▸ **Required work**: Please give the lines below again exactly as they stand, from the one that contains "Capture the breezy" up to and including the one that contains "長安凱程為響應(yīng)國", leaving all pictures out.

:: Task input ::

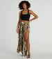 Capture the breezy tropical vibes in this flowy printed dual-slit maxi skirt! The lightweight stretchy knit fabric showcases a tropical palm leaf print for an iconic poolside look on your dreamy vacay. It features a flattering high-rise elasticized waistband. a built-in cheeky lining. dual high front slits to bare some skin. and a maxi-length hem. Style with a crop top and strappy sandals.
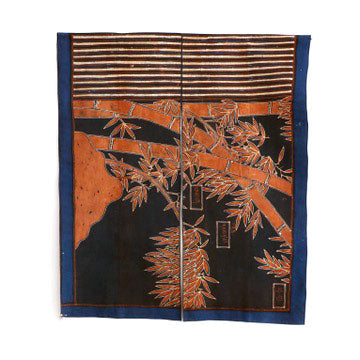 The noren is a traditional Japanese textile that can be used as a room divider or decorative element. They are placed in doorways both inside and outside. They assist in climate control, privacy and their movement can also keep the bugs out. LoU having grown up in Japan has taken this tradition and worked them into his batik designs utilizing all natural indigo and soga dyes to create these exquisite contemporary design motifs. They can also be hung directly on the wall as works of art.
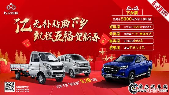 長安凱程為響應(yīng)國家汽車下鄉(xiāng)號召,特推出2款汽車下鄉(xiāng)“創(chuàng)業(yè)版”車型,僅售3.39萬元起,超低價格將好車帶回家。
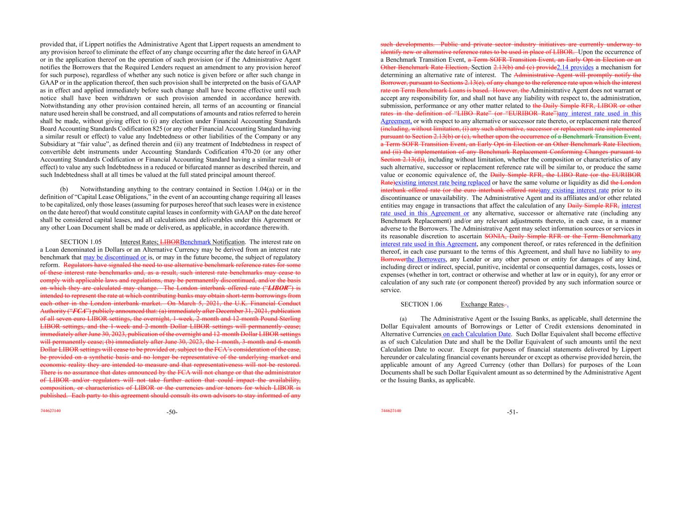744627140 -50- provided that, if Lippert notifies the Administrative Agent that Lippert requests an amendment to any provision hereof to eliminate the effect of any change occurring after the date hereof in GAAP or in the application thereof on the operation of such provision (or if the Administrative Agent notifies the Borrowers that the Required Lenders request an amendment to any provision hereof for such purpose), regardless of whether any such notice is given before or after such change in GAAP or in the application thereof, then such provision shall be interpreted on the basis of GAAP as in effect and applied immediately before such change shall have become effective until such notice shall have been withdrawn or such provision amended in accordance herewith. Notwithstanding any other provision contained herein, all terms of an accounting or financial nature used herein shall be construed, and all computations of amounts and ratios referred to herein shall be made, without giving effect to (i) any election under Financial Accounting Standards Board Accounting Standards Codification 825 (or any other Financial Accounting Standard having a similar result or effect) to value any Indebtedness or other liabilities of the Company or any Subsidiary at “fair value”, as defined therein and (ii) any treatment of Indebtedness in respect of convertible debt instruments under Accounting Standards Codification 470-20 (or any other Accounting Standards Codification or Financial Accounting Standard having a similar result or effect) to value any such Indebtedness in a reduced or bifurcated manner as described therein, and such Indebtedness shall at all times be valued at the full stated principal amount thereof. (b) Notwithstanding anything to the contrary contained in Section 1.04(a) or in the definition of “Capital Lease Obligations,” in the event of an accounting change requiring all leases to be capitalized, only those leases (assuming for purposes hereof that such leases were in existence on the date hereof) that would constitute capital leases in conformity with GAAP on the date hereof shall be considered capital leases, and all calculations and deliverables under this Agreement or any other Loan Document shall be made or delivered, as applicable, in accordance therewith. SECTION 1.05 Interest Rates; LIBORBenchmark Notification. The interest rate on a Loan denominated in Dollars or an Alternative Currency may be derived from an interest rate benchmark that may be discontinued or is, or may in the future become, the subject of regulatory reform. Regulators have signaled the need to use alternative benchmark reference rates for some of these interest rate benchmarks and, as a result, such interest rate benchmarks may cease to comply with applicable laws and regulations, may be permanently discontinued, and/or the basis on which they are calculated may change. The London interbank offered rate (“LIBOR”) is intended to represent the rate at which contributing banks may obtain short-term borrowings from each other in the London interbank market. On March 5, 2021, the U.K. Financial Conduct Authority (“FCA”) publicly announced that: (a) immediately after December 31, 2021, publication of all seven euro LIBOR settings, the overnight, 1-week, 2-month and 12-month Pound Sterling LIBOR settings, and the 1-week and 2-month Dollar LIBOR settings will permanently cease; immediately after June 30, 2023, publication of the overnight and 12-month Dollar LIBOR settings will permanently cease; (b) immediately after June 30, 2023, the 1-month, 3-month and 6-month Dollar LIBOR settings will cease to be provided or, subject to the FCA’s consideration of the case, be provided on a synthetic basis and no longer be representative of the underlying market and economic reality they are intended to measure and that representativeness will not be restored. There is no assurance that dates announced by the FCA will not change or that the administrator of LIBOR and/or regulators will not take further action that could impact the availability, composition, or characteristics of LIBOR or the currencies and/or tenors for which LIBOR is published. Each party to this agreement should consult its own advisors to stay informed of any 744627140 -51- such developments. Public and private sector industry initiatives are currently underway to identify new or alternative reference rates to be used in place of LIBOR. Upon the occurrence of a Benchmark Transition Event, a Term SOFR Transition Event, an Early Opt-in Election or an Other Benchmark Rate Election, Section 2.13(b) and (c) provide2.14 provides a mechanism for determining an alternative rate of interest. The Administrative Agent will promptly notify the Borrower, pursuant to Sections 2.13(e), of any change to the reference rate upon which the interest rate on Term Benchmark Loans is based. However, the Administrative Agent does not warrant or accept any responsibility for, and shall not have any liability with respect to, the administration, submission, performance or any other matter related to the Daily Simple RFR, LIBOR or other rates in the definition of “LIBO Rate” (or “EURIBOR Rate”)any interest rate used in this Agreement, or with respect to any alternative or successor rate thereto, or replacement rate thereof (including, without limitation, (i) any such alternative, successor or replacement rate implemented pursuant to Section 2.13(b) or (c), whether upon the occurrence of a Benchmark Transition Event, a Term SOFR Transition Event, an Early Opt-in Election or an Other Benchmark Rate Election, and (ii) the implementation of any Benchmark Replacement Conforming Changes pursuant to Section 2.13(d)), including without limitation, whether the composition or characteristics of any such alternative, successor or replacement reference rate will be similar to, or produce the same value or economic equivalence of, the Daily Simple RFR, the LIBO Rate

:::
:: Task input ::

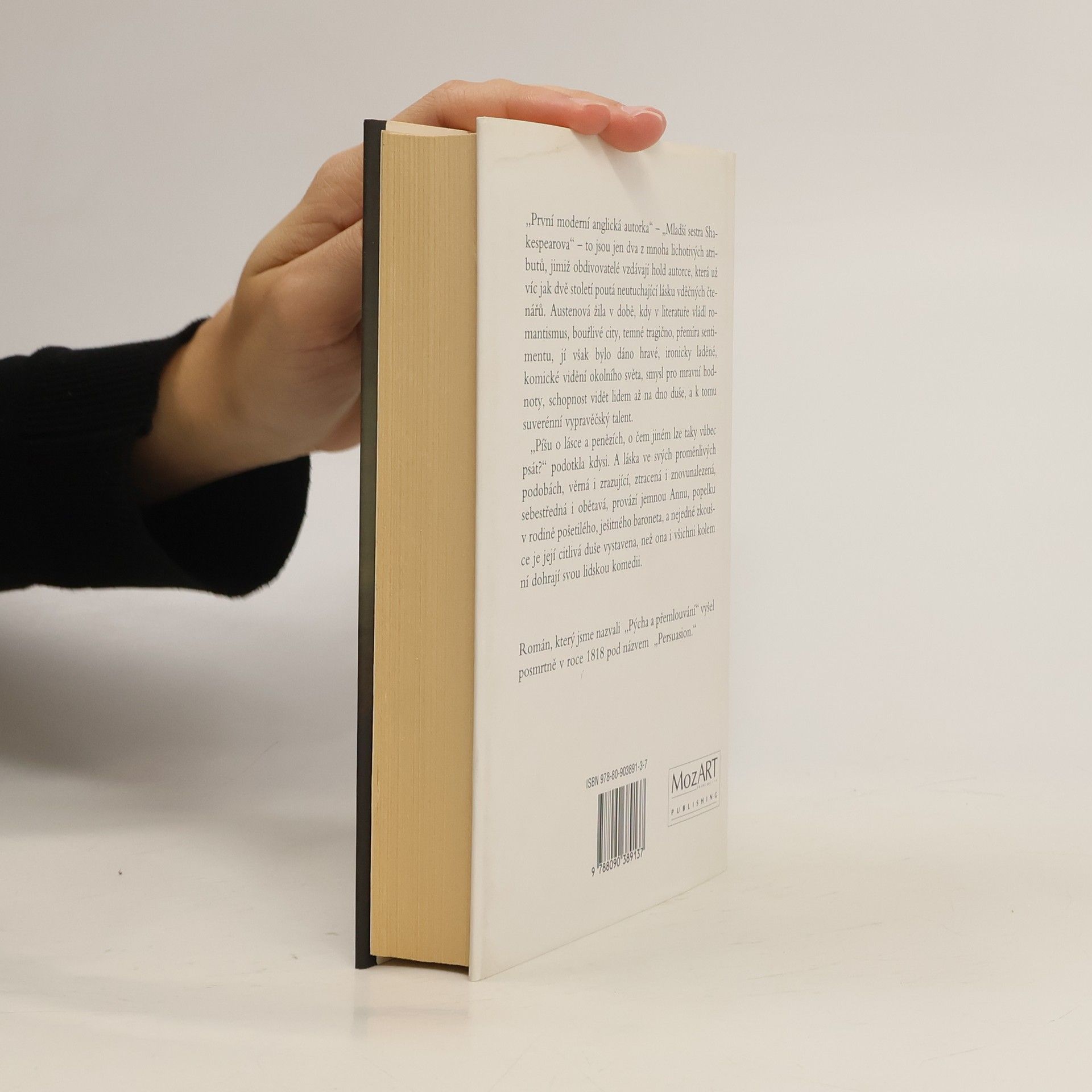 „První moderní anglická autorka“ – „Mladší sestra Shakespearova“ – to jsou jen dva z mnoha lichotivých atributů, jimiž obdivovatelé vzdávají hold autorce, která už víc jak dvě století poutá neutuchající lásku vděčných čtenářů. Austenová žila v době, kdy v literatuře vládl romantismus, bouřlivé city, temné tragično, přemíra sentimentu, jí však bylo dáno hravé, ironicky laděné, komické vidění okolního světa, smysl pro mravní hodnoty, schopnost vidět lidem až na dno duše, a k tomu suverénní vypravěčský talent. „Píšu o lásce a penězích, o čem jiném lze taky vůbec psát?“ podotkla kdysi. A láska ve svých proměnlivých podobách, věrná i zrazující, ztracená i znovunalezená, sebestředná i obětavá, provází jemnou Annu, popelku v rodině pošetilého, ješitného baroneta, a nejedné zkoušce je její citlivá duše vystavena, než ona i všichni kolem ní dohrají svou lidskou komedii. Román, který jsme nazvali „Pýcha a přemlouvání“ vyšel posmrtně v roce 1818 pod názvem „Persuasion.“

:::

▸ **Response**:
 Capture the breezy tropical vibes in this flowy printed dual-slit maxi skirt! The lightweight stretchy knit fabric showcases a tropical palm leaf print for an iconic poolside look on your dreamy vacay. It features a flattering high-rise elasticized waistband. a built-in cheeky lining. dual high front slits to bare some skin. and a maxi-length hem. Style with a crop top and strappy sandals.
 The noren is a traditional Japanese textile that can be used as a room divider or decorative element. They are placed in doorways both inside and outside. They assist in climate control, privacy and their movement can also keep the bugs out. LoU having grown up in Japan has taken this tradition and worked them into his batik designs utilizing all natural indigo and soga dyes to create these exquisite contemporary design motifs. They can also be hung directly on the wall as works of art.
 長安凱程為響應(yīng)國家汽車下鄉(xiāng)號召,特推出2款汽車下鄉(xiāng)“創(chuàng)業(yè)版”車型,僅售3.39萬元起,超低價格將好車帶回家。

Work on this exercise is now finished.